| UC
Davis researchers report advance that may lead to much-needed
test for ovarian cancer
UC
Davis team has identified new biomarker test for the disease
A team of UC Davis
Cancer Center researchers has identified a biomarker profile
test for ovarian cancer, an advance that may lead to an early
test for the disease.
The biomarkers
were present in blood samples from ovarian cancer patients
but not in samples
from healthy patients, the researchers report in the July
7 issue of the Journal of Proteome Research.
“We need
to study larger numbers of blood samples, but we are hopeful
this approach will lead to a test that will allow doctors
to detect ovarian cancer early, when it is most curable,”
said Gary Leiserowitz, professor and chief of gynecologic
oncology at UC Davis Cancer Center and one of the study authors.
“So far,
this method has been highly accurate,” said Carlito
Lebrilla, professor of chemistry and senior author of the
study.
Because the early
symptoms of ovarian cancer are typically subtle and nonspecific,
two-thirds of women with the illness are diagnosed only after
the disease has spread to other organs. As a result, ovarian
cancer has the highest mortality rate of any gynecologic malignancy.
One blood test
for ovarian cancer is commercially available, but it is too
unreliable to be useful as a screening tool for early diagnosis.
That test, which measures levels of a tumor marker known as
CA-125, is used primarily to help monitor treatment response
and disease recurrence in patients with diagnosed ovarian
cancer.
In their new study,
the UC Davis scientists report using an emerging science known
as glycomics to identify changes in the sugars attached to
cellular proteins that appear to be characteristic of ovarian
cancer. These altered sugars can be detected in the blood
of ovarian cancer patients. The profile of sugars is different
from that seen in healthy women.
The researchers
are planning further studies involving blood samples from
a larger number of patients and healthy controls.
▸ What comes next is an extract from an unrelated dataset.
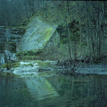 Traverser le jardin et enjamber une palissade. Descendre dans les herbes hautes jusqu'au bout du pré. Entrer dans le bois. C'est ici que commence « l'Aval ». Quelques petits kilomètres dans le travers de la forêt percée de clairières, un chemin inexistant. Alternance de pentes douces et raides. Il y a là un hameau délaissé : cinq maisons éboulées que le lierre dévore consciencieusement. Descendre jusqu'à surprendre la rivière. Un barrage. Encore quelques lacets avant de cesser de marcher. Des pas comme s’il s’agissait d’égrener le temps avec ses pieds. Alors je les ai comptés. Par petit peu. Des pas comme unité de mesure sur une carte. L’eau qui va en aval pour ne plus revenir et le mouvement lent du vent dans les arbres, un apprentissage continu des lieux. Une exploration. Pas à pas.

They hope
to isolate those biomarkers that will best detect early ovarian
cancer.
According to the
American Cancer Society, an estimated 20,180 women will be
diagnosed with ovarian cancer in the United States this year
and only about 45 percent will survive five years.
“If we had
an effective early detection tool that would allow us to routinely
diagnose ovarian cancer at its earliest stage, stage I, we
would expect survival for this disease to be 85 to 95 percent
— in the same range as for other stage I cancers,”
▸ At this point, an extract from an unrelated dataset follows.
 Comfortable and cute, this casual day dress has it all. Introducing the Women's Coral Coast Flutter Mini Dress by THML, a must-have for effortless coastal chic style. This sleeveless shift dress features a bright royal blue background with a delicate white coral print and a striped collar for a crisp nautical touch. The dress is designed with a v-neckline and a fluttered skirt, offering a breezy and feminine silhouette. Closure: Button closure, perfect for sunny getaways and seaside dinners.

Leiserowitz said. “It is imperative that we develop
an early detection tool for this disease.”
UC Davis Cancer
Center is the nation’s 61st National Cancer Institute-designated
cancer center. Its cancer research program is comprised of
more than 180 scientists from more than a dozen schools, departments
and programs across three campuses: the UC Davis campus in
Davis, Calif., the UC Davis Medical Center campus in Sacramento,
and the Lawrence Livermore National Laboratory in Livermore,
Calif.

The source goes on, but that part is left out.